Steven Johnson, writer, was introduced next (from his TED biography),

Steven Berlin Johnson examines the intersection of science, technology and personal experience.

A dynamic writer and speaker, Johnson crafts captivating theories that draw on a dizzying array of disciplines, without ever leaving his audience behind. Author Kurt Anderson described Johnson’s book Emergence as “thoughtful and lucid and charming and staggeringly smart.” The same could be said for Johnson himself. His big-brained, multi-disciplinary theories make him one of his generation’s more intriguing thinkers. His books take the reader on a journey — following the twists and turns his own mind makes as he connects seemingly disparate ideas: ants and cities, interface design and Victorian novels.

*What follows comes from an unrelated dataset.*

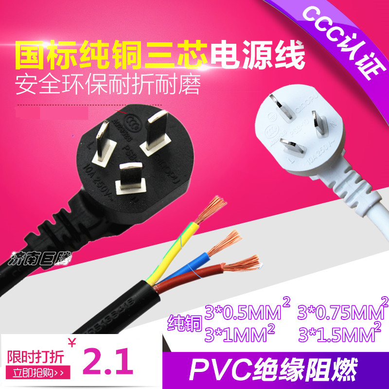 Pure copper national standard three core power core with plug 3 core 0 75 1 5 square 10A plug line three - hole high power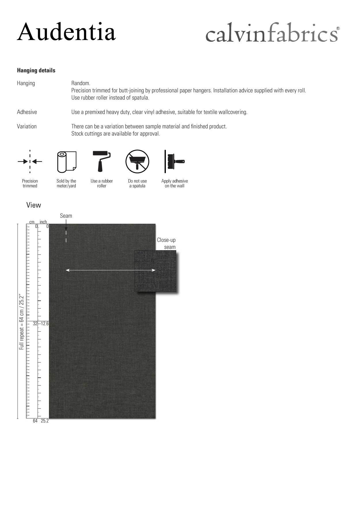 Surface finish: A stain repellent finish prevents waterbased splashes penetrating and staining the material. Periodic vacuuming is recommended to prevent dust from building up on the materials surface.

He will be hosting a new PBS (Public Broadcasting Service) series, ‘How We Got to Now’ (mentioned in Hector Tobar’s Aug. 7, 2013 article about the PBS series in the Los Angeles Times) and this talk sounds like it might be a preview of sorts. Johnson plays a recording made 20 years before Alexander Graham Bell ‘first’ recorded sound. The story he shares is about an inventor who didn’t think to include a playback feature for his recordings. He simply didn’t think about it as he was interested in doing something else (I can’t quite remember what that was now) and, consequently, his invention and work got lost for decades. Despite that, it forms part of the sound recording story. Thankfully, modern sound recording engineers have developed a technique which allows us to hear those ‘lost’ sounds today.